You'll see your newly added assets in your data product.

Remove data assets

  1. Open the Data Catalog in Microsoft Purview.

  2. Select the Catalog management drop-down.

  3. Select Data products.

  4. Select the data product you want to remove assets from.

  5. If the assets you want to remove are on the front page, you can select their ellipsis button and select Remove.

    Screenshot of a data product detail page with an asset selected and the remove button highlighted.

  6. If you don't see the assets on the main product page, select View all data assets. There you're able to search and filter the assets. To remove them, select their ellipsis button and select Remove.

Manage linked resources

You can link glossary terms and OKRs to your data products directly to improve understanding, apply policies, and associate your data products with your business' goals.

Critical data elements are added automatically when assets in your data product are mapped to critical data elements. For more information, see the critical data elements article.

Add linked resources

  1. On the data products page, select the data product you want to add terms or OKRs to.

  2. Under Glossary terms or OKRs select the + or the Add button.

    Screenshot of a data product detail page with the buttons to add OKRs and Glossary terms highlighted.

  3. Search for your terms or ORKs using keywords, governance domain, or by using the filters by selecting the filter button.

  4. Select any you want to add to the data product.

  5. Select the Add button.

  6. You can now see the term or OKR in the list for your data products.

Remove linked resources

  1. On the data products page, select the data product you want to remove terms or OKRs from.
  2. Under Glossary terms or OKRs, find the item you want to remove, and select its ellipsis button.
  3. Select Remove.

Note

Critical data elements are added automatically based on the assets in your data product. For more information about managing critical data elements, see the critical data elements article.

Terms of use

  1. On the data products page, select the data product you want to manage terms of use for.

  2. Select the terms of use attribute.

    Screenshot of a data product detail page with the terms of use attribute highlighted.

  3. To add more terms of use:

    1. Select the + Add link button.
    2. (Optionally) Choose a particular data asset to link the use to.
    3. Provide a friendly name for the terms.
    4. Provide the link to the terms of use.
    5. Select Create.
    6. Select Done.
  4. To remove any terms of use:

    1. Hover over the term you want to remove.
    2. Select the trashcan remove button.
  5. Once you've made your edits, select the Done button.

Documentation

  1. On the data products page, select the data product you want to manage documentation for.

  2. Select the documentation attribute.

    Screenshot of a data product detail page with the documentation attribute highlighted.

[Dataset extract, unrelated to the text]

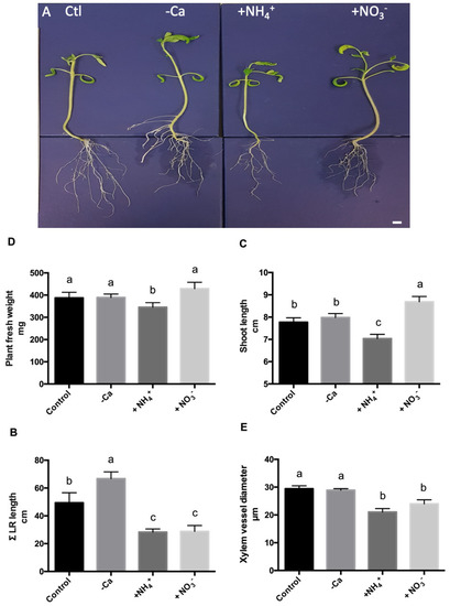Tomato seedling response to calcium deficit or ammonium and nitrate excesses in in vitro experiment. Tomato seedlings were grown with control media, with a calcium deficit, or with ammonium or nitrate excesses for 10 days in a growth chamber as described in the Materials and Methods section. Tomato images were taken 10 days after sowing the seedlings: (A) representative image of seedlings; (B) sum of lateral root length; (C) shoot length; and (D) plant fresh weight. Xylem vessel diameters (E) were measured by light microscopy (40×). a, b, c represents statistically significant differences with p < 0.05.

  3. To add more documentation:

    1. Select the + Add link button.
    2. (Optionally) Choose a particular data asset to link the documentation to.
    3. Provide a friendly name for the documentation.
    4. Provide the link to the documentation.
    5. Select Create.
    6. Select Done.
  4. To remove any documentation:

    1. Hover over the documentation you want to remove.
    2. Select the trashcan remove button.
  5. Once you've made your edits, select the Done button.

Endorse a data product

As a Microsoft Purview Data Catalog grows in size, it's important for data consumers to understand what data they can trust. Data consumers need to know if a data product meets their organization's quality standards and can be regarded as reliable.

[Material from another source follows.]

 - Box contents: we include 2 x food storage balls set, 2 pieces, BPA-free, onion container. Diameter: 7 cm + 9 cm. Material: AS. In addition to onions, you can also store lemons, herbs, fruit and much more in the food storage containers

Data product owners can now set the 'Endorsed' flag for their data products to indicate that they have certified their data products, and build confidence in the quality of their data product.

To endorse a data product, you need data product owner permissions.

  1. On your data product page, select the Edit button.

  2. Select Details.

  3. Select the Mark as 'Endorsed' button.

    Screenshot of the edit page for a governance domain under the business details tab with the mark as endorsed button highlighted.

  4. To save your changes, select Save.